Yes post it up just black out your info.


----------



## King Bud (Feb 9, 2008)

They opened the package, took the seeds, and sent you the rest of the package (along with warning letter)?

Sounds strange to me.. I've only heard of them confiscating the entire package, and sending you a warning letter instead. :confused2:

Good luck to you


----------



## I'ma Joker Midnight Toker (Feb 9, 2008)

longtimegrower said:
			
		

> I had ordered from Dr Chroinc before christmas and today i finally got the opened packadge with a letter stating they had been confiscated. The doc was going to make good on the lost order but he did his part and im taking the loss. Sometimes thats how it goes. I can post a picture of the letter without any of my information but i wanted to check with the mods first and make sure it was ok to do so. It took 44 days.  Slim



Hey, Blunt had the same happen to him...post below 

http://www.marijuanapassion.com/forum/showthread.php?t=22395


----------



## THE BROTHER'S GRUNT (Feb 10, 2008)

*Damn LTG that's a real bummer. I can only hope you have better luck on your next order.  *


----------



## HippyInEngland (Feb 10, 2008)

The trouble with this happening is that now they know what you ordered, your name and address will be on file.


----------



## sportcardiva (Feb 10, 2008)

man that *****


----------



## doctorvapor (Feb 10, 2008)

Better luck next time bro.Is it a fact they put your name in a file or data base?


----------



## POTUS (Feb 10, 2008)

HippyInEngland said:
			
		

> The trouble with this happening is that now they know what you ordered, your name and address will be on file.


 
I know a guy who works for customs. He says the person who opens the box/letter is just a regular person who works for customs, not an inspector or anything. That person opens the mail, takes out anything that is illegal, puts the letter in it and tapes it shut again. Then they throw it into a tub that when full is processed back into the regular mail system.
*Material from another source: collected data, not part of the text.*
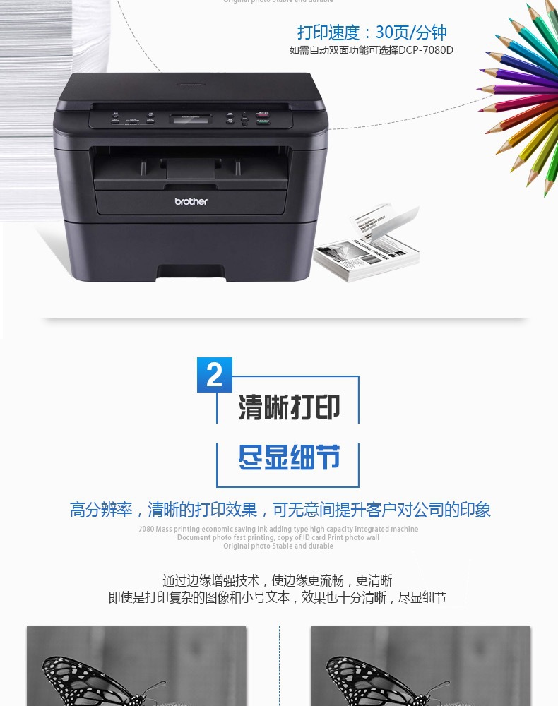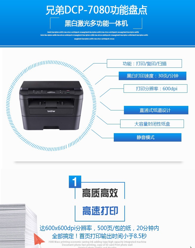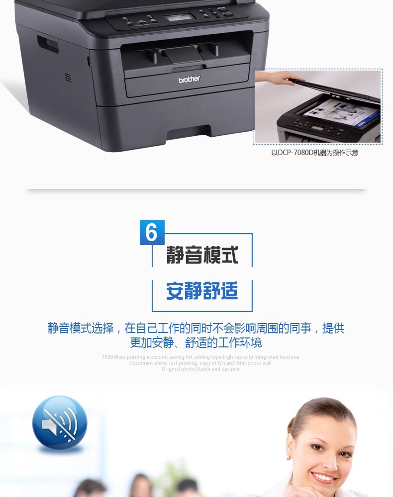 - 兄弟DCP-7180DN黑白激光打印复印扫描一体机自动双面网络A4
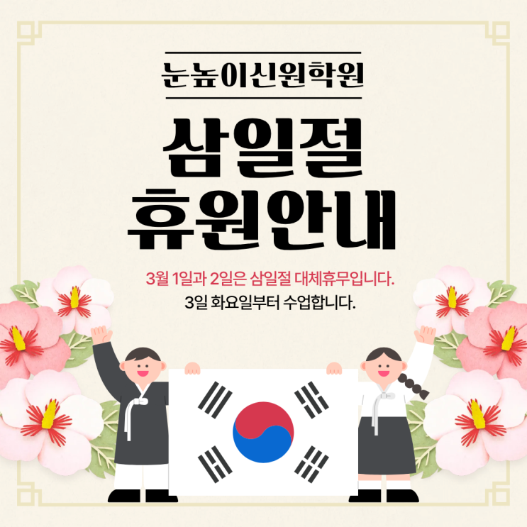 3월 2일은 삼일절 대체휴무일입니다. 3일(화)부터 정상 수업합니다. <img src="https://blogthumb.pstatic.net/MjAyNjAyMjdfMjY0/MDAxNzcyMTcwMzY3NzI5.XDZLR4tOn-xZ6xW_GU4oMu9o9NghPEDMlHF8u2NTRYAg.hmboY0d5d5KF1NlM04cqt7D6iv_c__54qk91HO6gYmsg.PNG/%BB%EF%C0%CF%C0%FD%C8%DE%BF%F8.png?type=s3" />
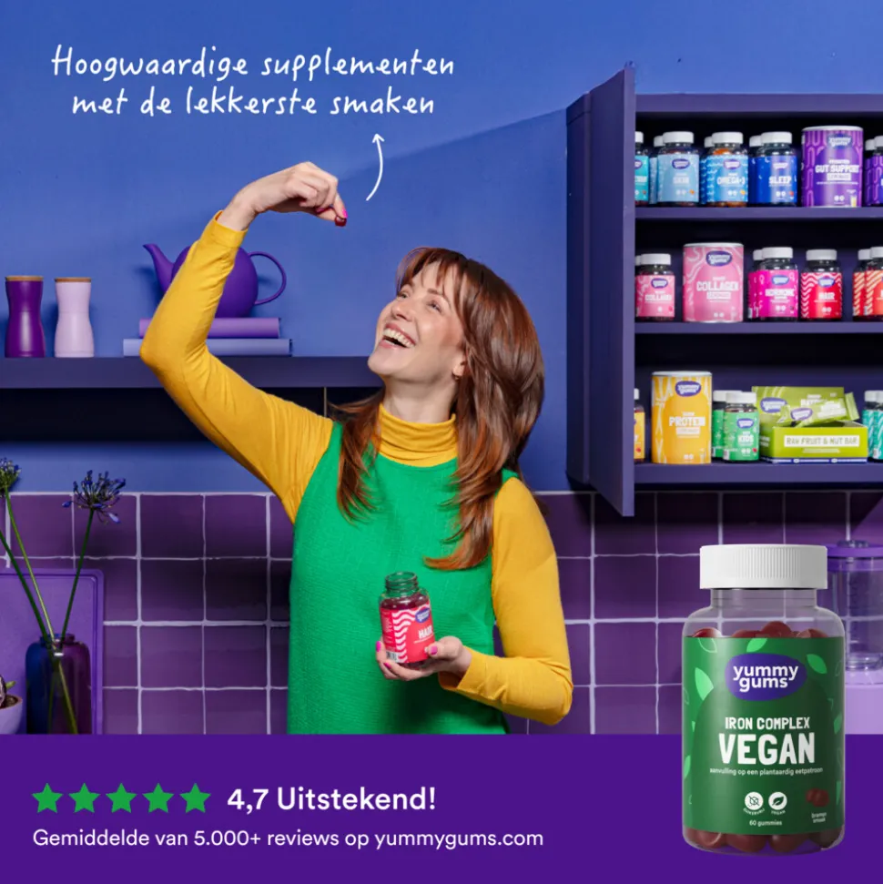 Yummygums Iron Vegan is een gezonde aanvulling op een vega(n) dieet. Als je weinig of geen vleesproducten eet bestaat de kans op een tekort aan vitamine B12. Yummygums Iron Vegan vult dit aan. Yummygums Iron Vegan is geschikt voor volwassenen en kinderen vanaf 12 jaar en heeft een lekkere bramensmaak.
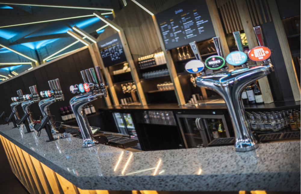 When it comes to foodservice and hospitality equipment, the practical properties of the material used are no less important than its aesthetic aspects. Sean, the bar's designer, chose to use TechniStone® engineered stone because it excels in its durability, strength, and ease of maintenance. In addition, he was taken by the interesting visual effect created by the contrast of Taurus Terazzo White decor's white base and the black particles in the stone.
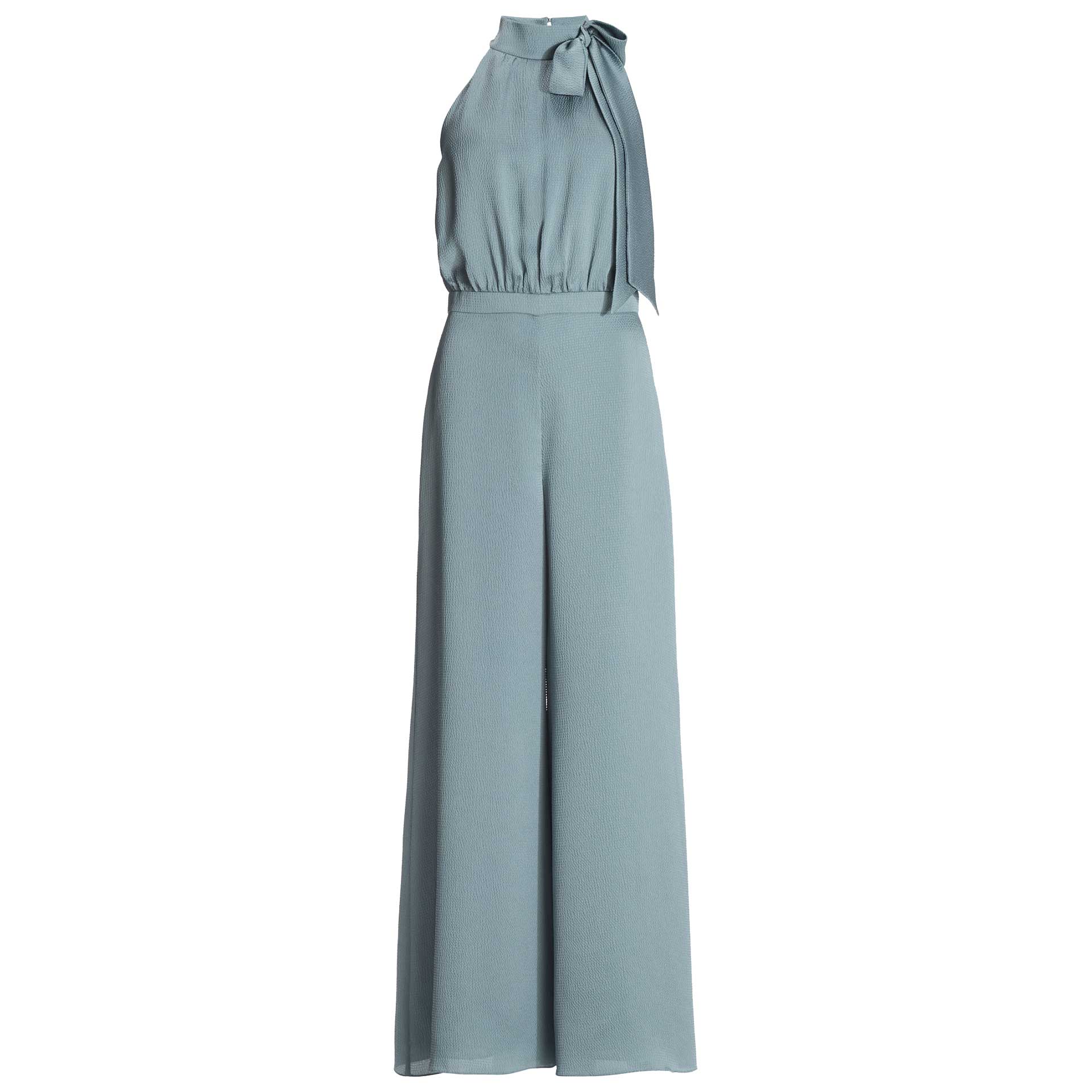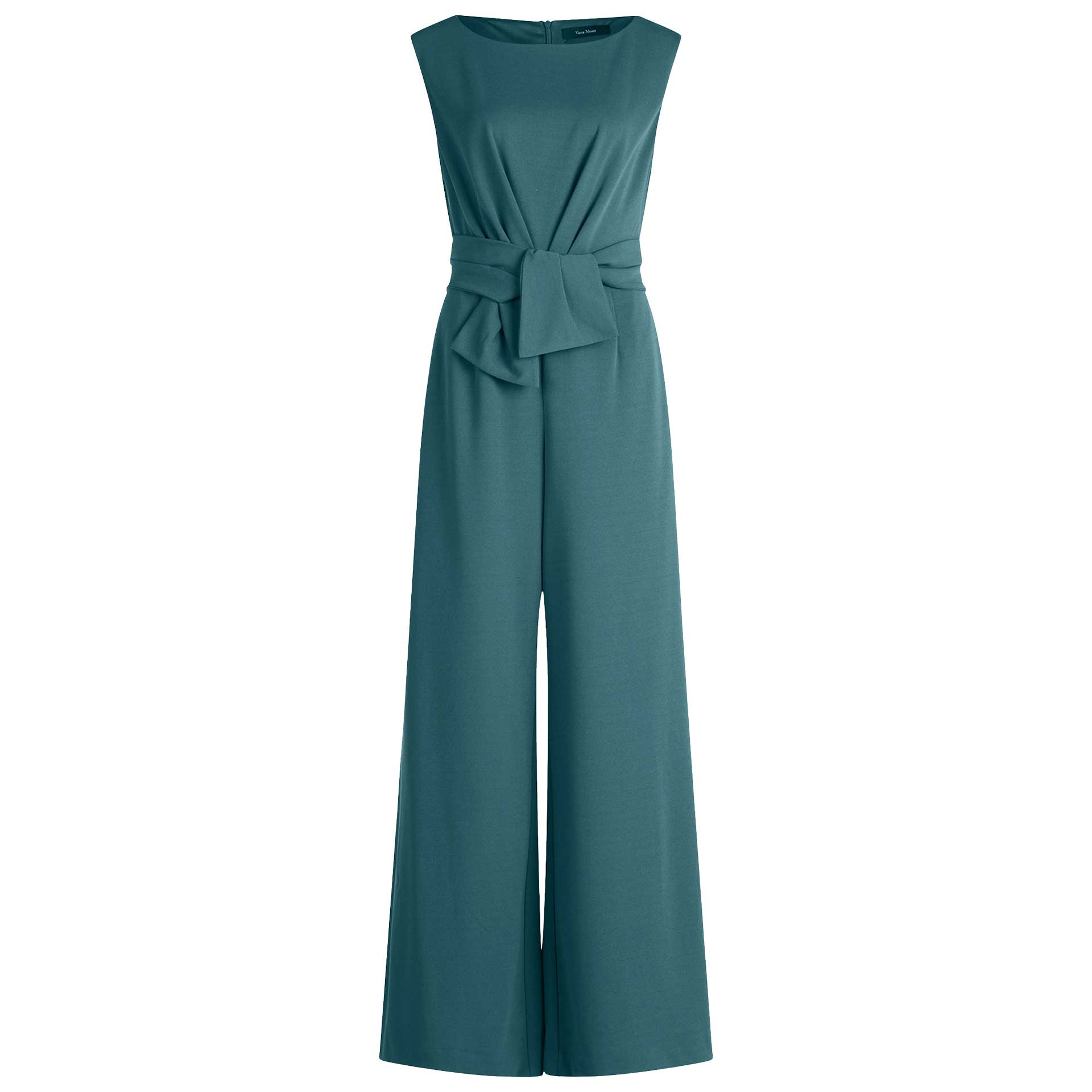 Dit is een mouwloze jumpsuit met een ronde hals en aan de achterkant een ritssluiting.
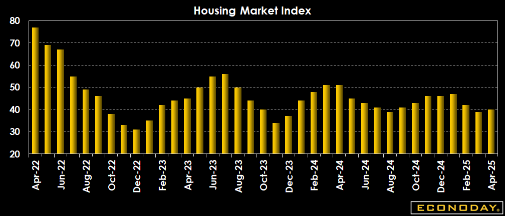 The NAHB/Wells Fargo housing market index up 1 point to 40 in April after an unrevised 39 in March. The April reading is above the consensus of 38 in the Econoday survey of forecasters. The rise is likely due to recent declines in mortgage rates that are now reversing direction. The index has been in contractionary territory for new home building since falling 6 points to 45 in May 2024.

No record is kept of any items, names or addresses unless it involves firearms, narcotics or unpaid import taxes.

This is currently what happens. It may change in the future, but for now, no records are kept for confiscated marijuana seeds.


----------



## Puffin Afatty (Feb 11, 2008)

not to make you even more paranoid, but today I read where the DEA is developing a database of grows, trying to link them together.  I wouldnt order from the same place again, as they are obviously interested in gathering intel from any and all sources.  Perhaps they just cant do it all, due to volume.   Good Luck!!!


----------



## Flyinghigh (Feb 11, 2008)

Don't that Sux ! I had custom take one of my order a few years ago and sent me a letter, but it wasn't seeds though it was Meds i had order with out prescribtion, and the company had made it good and resend the order..

I didn't worry about reordering from them again and ordered all the time..


----------